* Goal of the exercise *
Render every line of the data exactly as written, and leave out the pictures.
======== Dataset excerpt
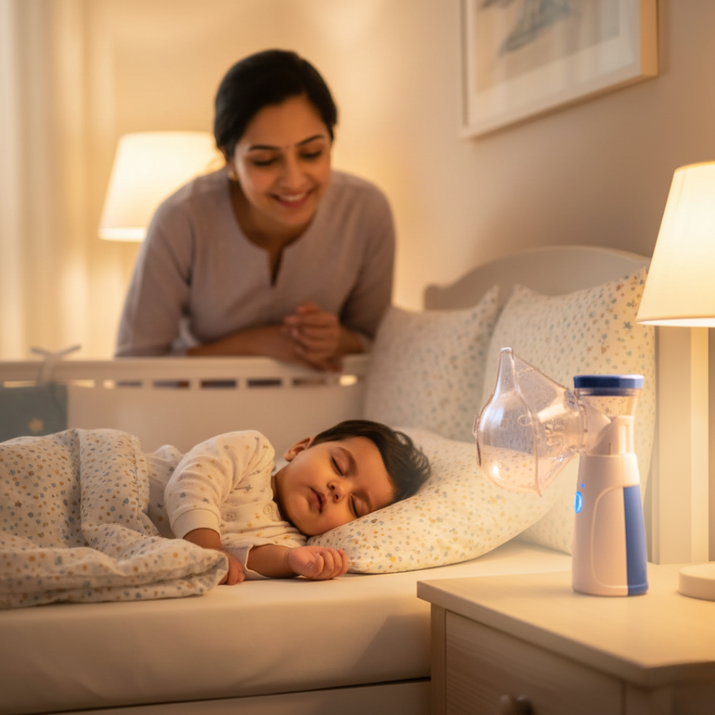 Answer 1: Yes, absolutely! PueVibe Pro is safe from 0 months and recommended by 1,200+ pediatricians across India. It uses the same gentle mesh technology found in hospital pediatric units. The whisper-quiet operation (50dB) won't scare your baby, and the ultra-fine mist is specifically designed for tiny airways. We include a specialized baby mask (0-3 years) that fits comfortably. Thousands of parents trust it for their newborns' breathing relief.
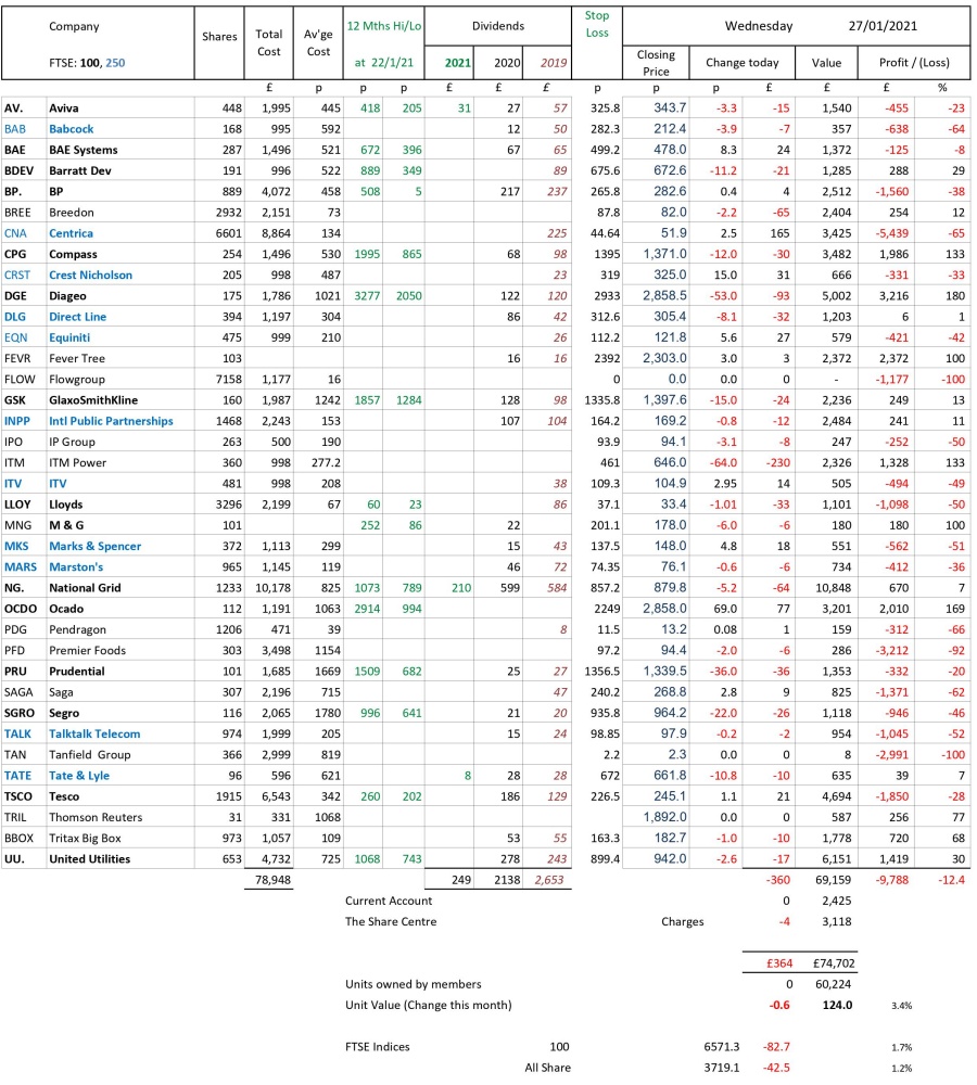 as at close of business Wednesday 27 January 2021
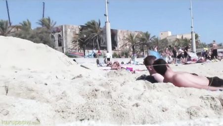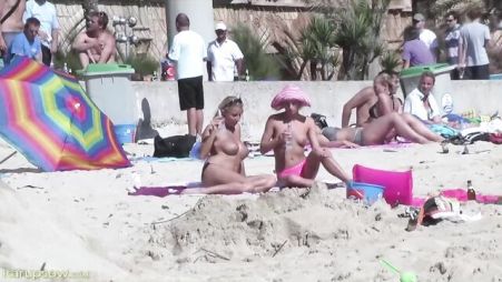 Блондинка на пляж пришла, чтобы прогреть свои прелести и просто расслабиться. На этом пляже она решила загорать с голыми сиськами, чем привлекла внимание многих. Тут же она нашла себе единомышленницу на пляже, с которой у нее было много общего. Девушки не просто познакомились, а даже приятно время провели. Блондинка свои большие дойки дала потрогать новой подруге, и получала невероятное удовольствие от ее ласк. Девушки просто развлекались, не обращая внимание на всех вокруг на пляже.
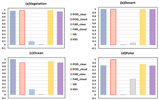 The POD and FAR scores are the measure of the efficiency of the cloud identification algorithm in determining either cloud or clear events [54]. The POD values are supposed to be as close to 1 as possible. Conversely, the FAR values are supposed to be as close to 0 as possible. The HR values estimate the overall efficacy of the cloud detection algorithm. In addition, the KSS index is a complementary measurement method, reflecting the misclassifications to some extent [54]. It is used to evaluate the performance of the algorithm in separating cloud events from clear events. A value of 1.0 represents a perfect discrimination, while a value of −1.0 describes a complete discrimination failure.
================
* Answer below *
 Answer 1: Yes, absolutely! PueVibe Pro is safe from 0 months and recommended by 1,200+ pediatricians across India. It uses the same gentle mesh technology found in hospital pediatric units. The whisper-quiet operation (50dB) won't scare your baby, and the ultra-fine mist is specifically designed for tiny airways. We include a specialized baby mask (0-3 years) that fits comfortably. Thousands of parents trust it for their newborns' breathing relief.
 as at close of business Wednesday 27 January 2021
 Блондинка на пляж пришла, чтобы прогреть свои прелести и просто расслабиться. На этом пляже она решила загорать с голыми сиськами, чем привлекла внимание многих. Тут же она нашла себе единомышленницу на пляже, с которой у нее было много общего. Девушки не просто познакомились, а даже приятно время провели. Блондинка свои большие дойки дала потрогать новой подруге, и получала невероятное удовольствие от ее ласк. Девушки просто развлекались, не обращая внимание на всех вокруг на пляже.
 The POD and FAR scores are the measure of the efficiency of the cloud identification algorithm in determining either cloud or clear events [54]. The POD values are supposed to be as close to 1 as possible. Conversely, the FAR values are supposed to be as close to 0 as possible. The HR values estimate the overall efficacy of the cloud detection algorithm. In addition, the KSS index is a complementary measurement method, reflecting the misclassifications to some extent [54]. It is used to evaluate the performance of the algorithm in separating cloud events from clear events. A value of 1.0 represents a perfect discrimination, while a value of −1.0 describes a complete discrimination failure.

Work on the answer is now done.